LAM may be a progressive, cystic lung disease that particularly targets women. Well, this difficult to fight ailment can now be treated, or at the following piece of information suggests so. In a major breakthrough, scientists from the Oregon Health and Science University have now laid hands on a novel drug called sirolimus that prevents rejection in organ transplant patients and helps treat LAM.
The study included 13 institutions throughout the United States, Canada and Japan. A total of 89 women diagnosed with lymphangioleiomyomatosis or LAM, aged 18 or older were evaluated. While some were subjected to sirolimus, others received a placebo. It was observed that sirolimus seemingly stabilized lung function and linked with improvement in measures of functional performance as well as the quality of life.
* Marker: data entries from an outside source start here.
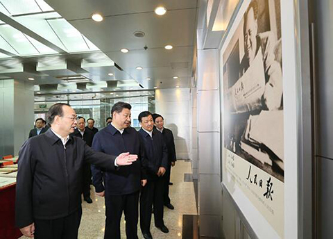 (2016年2月19日上午,中共中央总书记、国家主席、中央军委主席习近平来到人民日报社调研。新华社记者 兰红光摄)
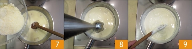 Fügen Sie auch den geriebenen Parmesan hinzu 7 und pürieren Sie alles mit einem Stabmixer 8, um eine homogene und samtige Creme zu erhalten.
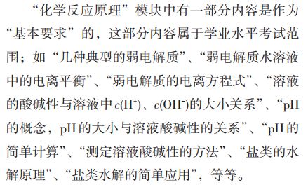需要指出的是,“化学1”、“化学2”二个模块中有一部分内容是作为“发展要求”的,这部分内容不属于学业水平考试范围;如“阿伏加德罗定律及其推论”、“常见离子化合物的形成过程”、“溴、碘”的提取与检验、“根据氧化还原反应判断物质的氧化性、还原性强弱”、“过氧化钠的主要性质”、“从铝土矿到铝合金”、“生产生活中的含氮化合物”,以及“简单共价分子的空间结构和键能”、“氢键”的相关知识、“离子晶体、分子晶体、原子晶体、金属晶体的主要特性”、“电解”相关知识、“乙醇在不同温度下的脱水反应”、“温室效应、光化学烟雾、酸雨、臭氧层空洞等产生的原因及对环境的危害”,等等。
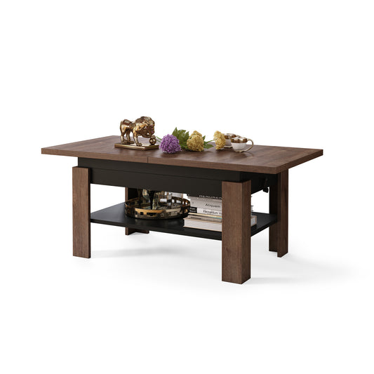 Clara 2 in 1 Extending Coffee / Dining Table 75-150cm - Brown Oak / Black
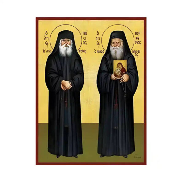 Εικόνα Ορθοδοξίας με περίγραμμα χρυσό σε ξύλο Φλαμουρίας με βάση Εικόνα Άγιοι Παΐσιος και Πορφύριος Χειροποίητη Ελληνορθόδοξη , Κρεμαστή πλάκα βυζαντινής τέχνης, χριστιανική τέχνη Διάσταση 45×35 cm (17,7 x 13,8 ίντσες) INTRAEK-6294671118
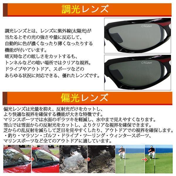 かっこいいデザインに、抜群のフィット感! 『調光偏光サングラス』 がついに登場! こだわりはとにかく『調光偏光レンズ』 紫外線の強さに反応し、レンズカラーの濃薄を自動的に調整する高機能が付いているので、 晴天時などの眩しさをカットするも、トンネルなどの暗い場所ではクリアな視界。 ドライブやアウトドア、スポーツなどのあらゆる状況に対応できる、優れたレンズです。 もちろん偏光機能も発揮。 反射光をより効果的にカットするので、ドライブ時のガラスへの映り込みや、 フィッシングやスキーなどの水面・雪面のギラギラした光を遮り、快適な視界を確保します。 ・ノーズパッドはすべりを防止するラバー素材 ・大きめレンズで視界広々 ・軽量で疲れを知らず、抜群のフィット感 ここまで進化したサングラスを是非体験して下さい。 当店が自信を持っておすすめします! ■カラー:レンズカラー/ライトグレー、フレームカラー/ブラック×レッド ■サイズ(約):レンズ横6.5cm×縦4cm、フレーム幅(内側)13.5cm、テンプル11.8cm ■可視光線透過率:9%~15% ■紫外線透過率:1%以下 ■付属:専用ケース ■生産国:Taiwan ■新品・未使用 調光レンズは紫外線の量と気温により反応の仕方が異なります。 すべての調光レンズは『温度依存性』と『紫外線依存性』という2つの性質が関係してます。 ■温度依存性質■ 温度が低い時ほど、色変わりが高く、色が濃い状態を持続します。 レンズ表面の温度が上がると色が変化している状態が弱まり機能調整が弱まります。 ■紫外線依存性質■ 調光レンズは紫外線の量に『多い時⇒色が濃くなる』『少ない時⇒色が薄くなる』傾向がございます。 上記の理由により気温が低く紫外線量が多い5月等のほうが夏場30度以上の状況よりも反応が強く現れます。 また全ての調光レンズにはおおよそ2年程で調光機能が低下していくことがございます。 ※Maturiの商品は日本でデザインされた日本のブランドです。 ※ご覧のモニターやプラウザの設定、照明等により、画像と実物の色合いが若干異なる場合がございます。 ※製造上の過程により、商品によっては細かな傷がある場合がございますが、傷についてはノークレーム・ノーリターンでお願いします。 | |

Just like cancer, LAM too may occur when cells grow out of control. In case of LAM, cells present within the blood vessels and breathing passages of the lung allegedly grow out of control. The newly introduced medication apparently halts this abnormal growth of cells. Alan Barker, M.D., an OHSU expert in rare lung diseases, a principal investigator in the study and colleagues conclude that the study findings can help tackle LAM.
The study was funded by the National Institutes of Health’s Office of Rare Disease Research; the Food and Drug Administration; the LAM Foundation; the Japanese Ministry of Health, Labour and Welfare; the Canadian Institutes of Health Research; Cincinnati Children’s Hospital, the University of Cincinnati; the Tuberous Sclerosis Alliance Rothberg Courage Award; and Vi and John Adler and the Adler Foundation.